• **PROBLEM TO SOLVE**: Reproduce exactly, with no pictures, each line from the opening of the material down through the line containing "Η Alexis Норьега, професійний".

• **RECORD EXCERPTS**:
%%

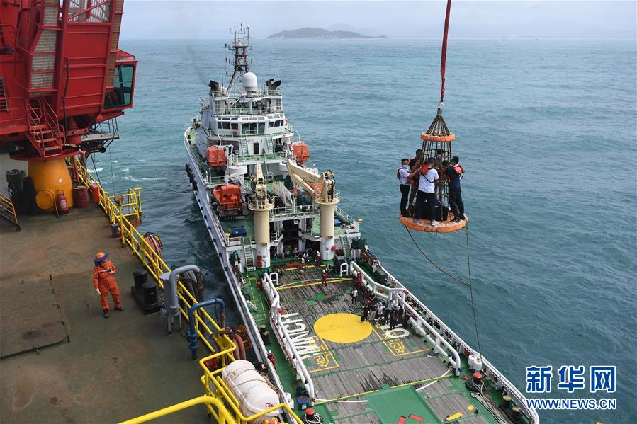 7月10日,工人乘船抵達(dá)位于南海北部海域的勘探三號(hào)鉆井平臺(tái)附近,再乘坐由吊機(jī)牽引的吊籠登上鉆井平臺(tái),開啟他們當(dāng)期在勘探三號(hào)平臺(tái)上的輪值工作。新華社記者蒲曉旭攝
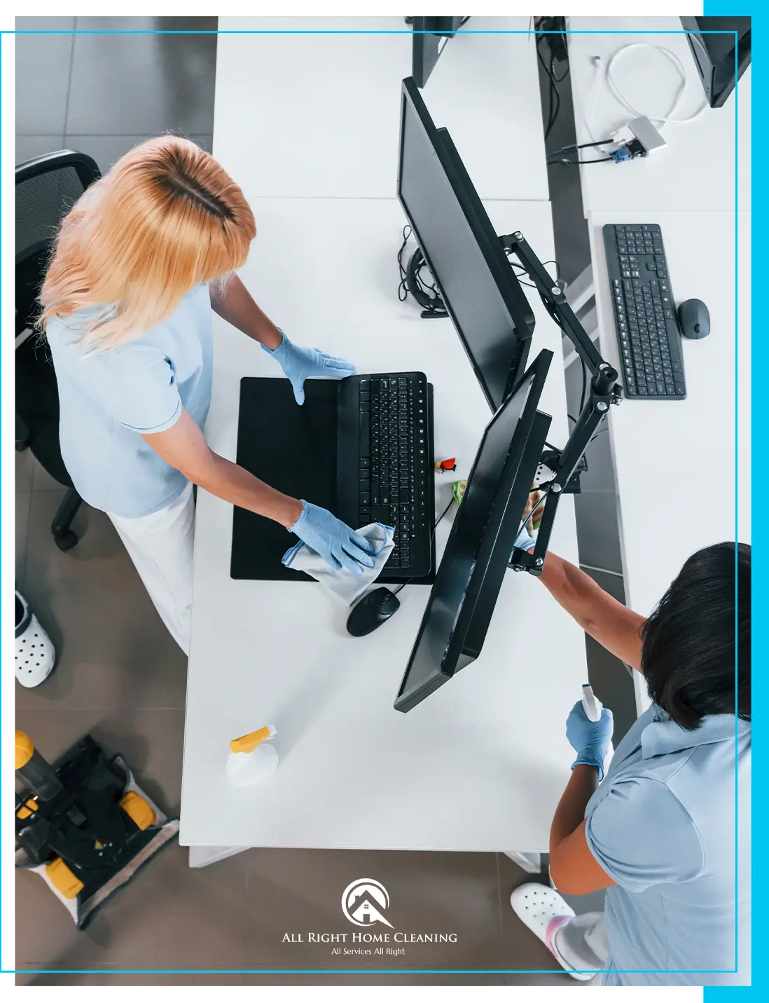 ✔ Computer Equipment Cleaning – Dusting and sanitizing of desks, keyboards, and frequently touched surfaces.
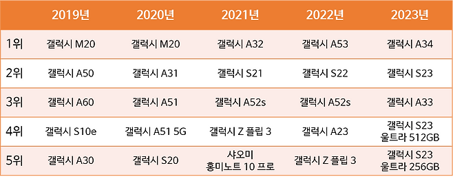 에디터 正 다나와 판매 데이터에 따르면 연도별 인기 제품에서 변화가 있습니다. 시간이 갈수록 보급형 제품보다 플래그십 제품 비중이 높아지는 것 인데요. 폰 CM이 보시기에 소비자의 핸드폰 구매 트렌드가 변화하고 있다는 것을 체감하고 있나요?
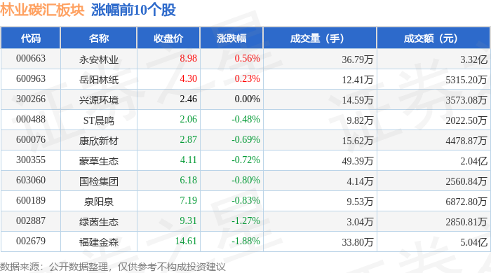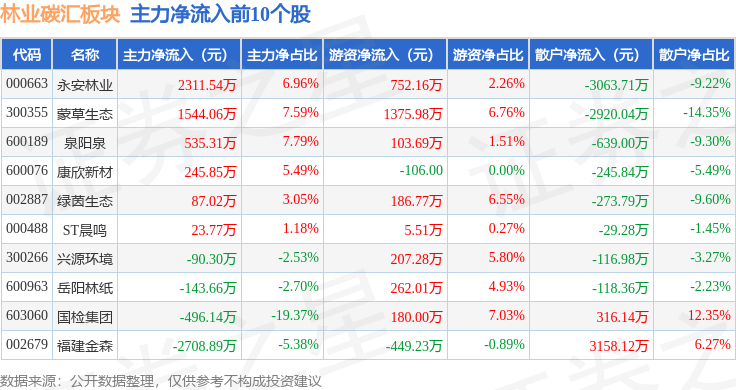 从资金流向上来看,当日林业碳汇板块主力资金净流出6169.54万元,游资资金净流入5262.34万元,散户资金净流入907.2万元。林业碳汇板块个股资金流向见下表:
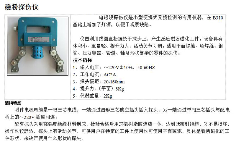 ·体积小、重量轻、提升力大和活动关节可调等特点,适用平面焊缝、角焊缝、钢管、压力容器、管道、轴及形状复杂的零件的探伤。
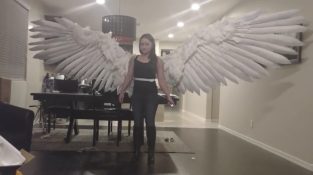 Η Alexis Норьега, професійний дизайнер костюма, афішувати механічних крил, яка виробляє і продає сторінку thecrookedfeather.com.
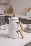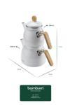 bambu kulplu çaydanlık, emaye çaydanlık seti, beyaz çaydanlık takımı, sultan çaydanlık, modern mutfak çaydanlığı, indüksiyon uyumlu çaydanlık, 2’li çaydanlık seti
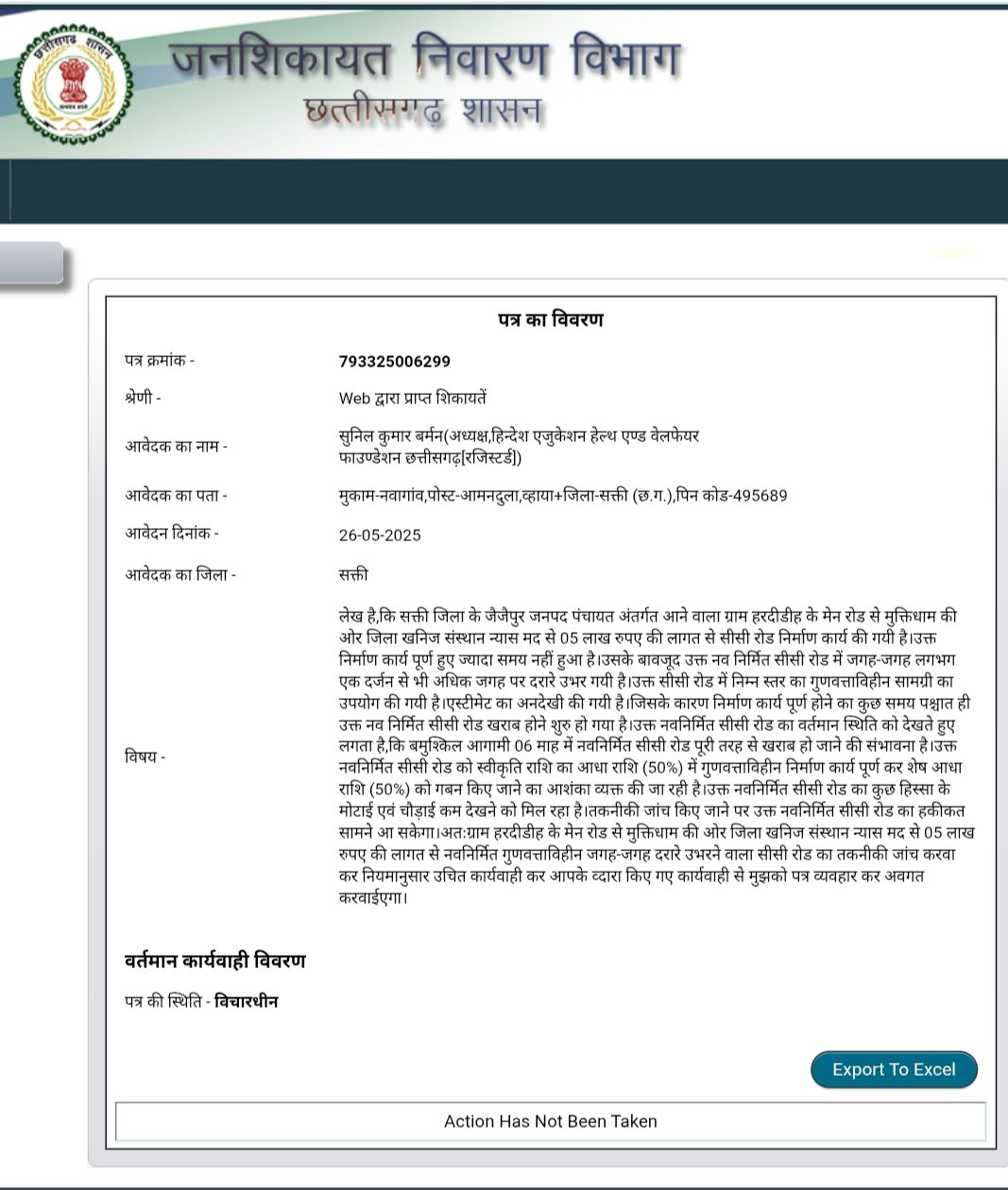 जैजैपुर(एचकेपी 24 न्यूज)।ग्राम हरदीडीह के मेन रोड से मुक्तिधाम की ओर जिला खनिज संस्थान न्यास मद से 05 लाख रुपए की लागत से निर्मित सीसी रोड में निर्माण कार्य पूर्ण होने का कुछ ही दिवस पश्चात् गुणवत्ता का अनदेखी कर निर्माण कार्य किए जाने के कारण जगह-जगह दरारे उभरने लगी है।नवनिर्मित सीसी रोड का तकनीकी जांच करवा कर नियमानुसार उचित कार्यवाही करने हिन्देश एजुकेशन हेल्थ एण्ड वेलफेयर फाउण्डेशन (रजिस्टर्ड) के अध्यक्ष सुनिल कुमार बर्मन ने जनशिकायत निवारण विभाग छत्तीसगढ़ शासन को पत्र लिखा है।
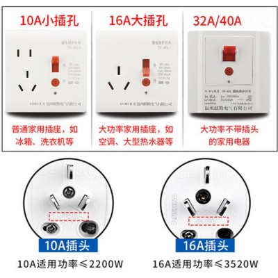 漏電保護(hù)插座86型10/16A熱水器2P/3P匹空調(diào)漏電保護(hù)器開
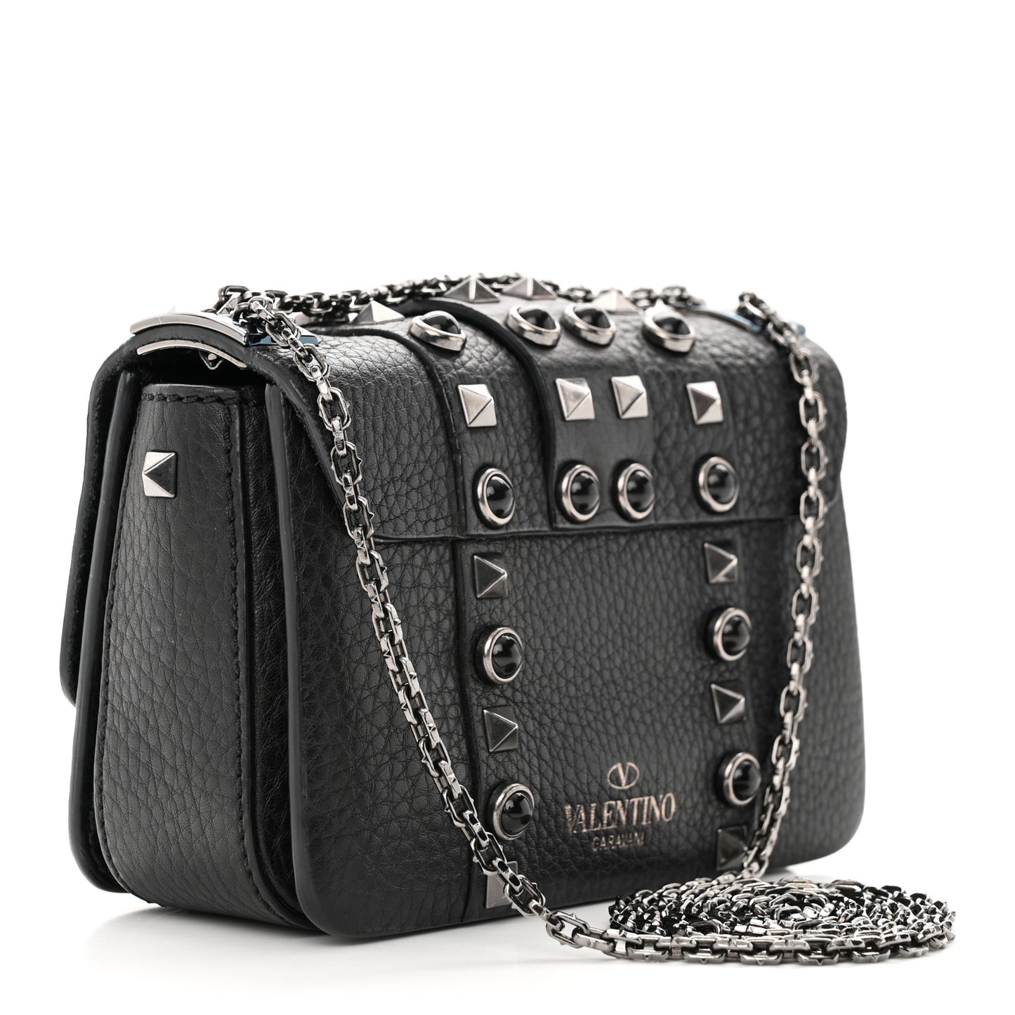 This is an authentic VALENTINO GARAVANI Grained Calfskin Onyx Micro B-Rockstud Rolling Flap in Black. This unique shoulder bag is beautifully crafted of finely textured calfskin leather in black. The bag features a dark silver chain shoulder strap, studded borders, and a studded dark silver lock for the front flap. This opens to a 3 compartment black suede leather interior.Follow this item for alerts. Valentino Garavani is a registered trademark of Valentino Garavani. FASHIONPHILE is not affiliated with Valentino Garavani.

%%

• **OUTPUT OF THE EXERCISE**:
 7月10日,工人乘船抵達(dá)位于南海北部海域的勘探三號(hào)鉆井平臺(tái)附近,再乘坐由吊機(jī)牽引的吊籠登上鉆井平臺(tái),開啟他們當(dāng)期在勘探三號(hào)平臺(tái)上的輪值工作。新華社記者蒲曉旭攝
 ✔ Computer Equipment Cleaning – Dusting and sanitizing of desks, keyboards, and frequently touched surfaces.
 에디터 正 다나와 판매 데이터에 따르면 연도별 인기 제품에서 변화가 있습니다. 시간이 갈수록 보급형 제품보다 플래그십 제품 비중이 높아지는 것 인데요. 폰 CM이 보시기에 소비자의 핸드폰 구매 트렌드가 변화하고 있다는 것을 체감하고 있나요?
 从资金流向上来看,当日林业碳汇板块主力资金净流出6169.54万元,游资资金净流入5262.34万元,散户资金净流入907.2万元。林业碳汇板块个股资金流向见下表:
 ·体积小、重量轻、提升力大和活动关节可调等特点,适用平面焊缝、角焊缝、钢管、压力容器、管道、轴及形状复杂的零件的探伤。
 Η Alexis Норьега, професійний дизайнер костюма, афішувати механічних крил, яка виробляє і продає сторінку thecrookedfeather.com.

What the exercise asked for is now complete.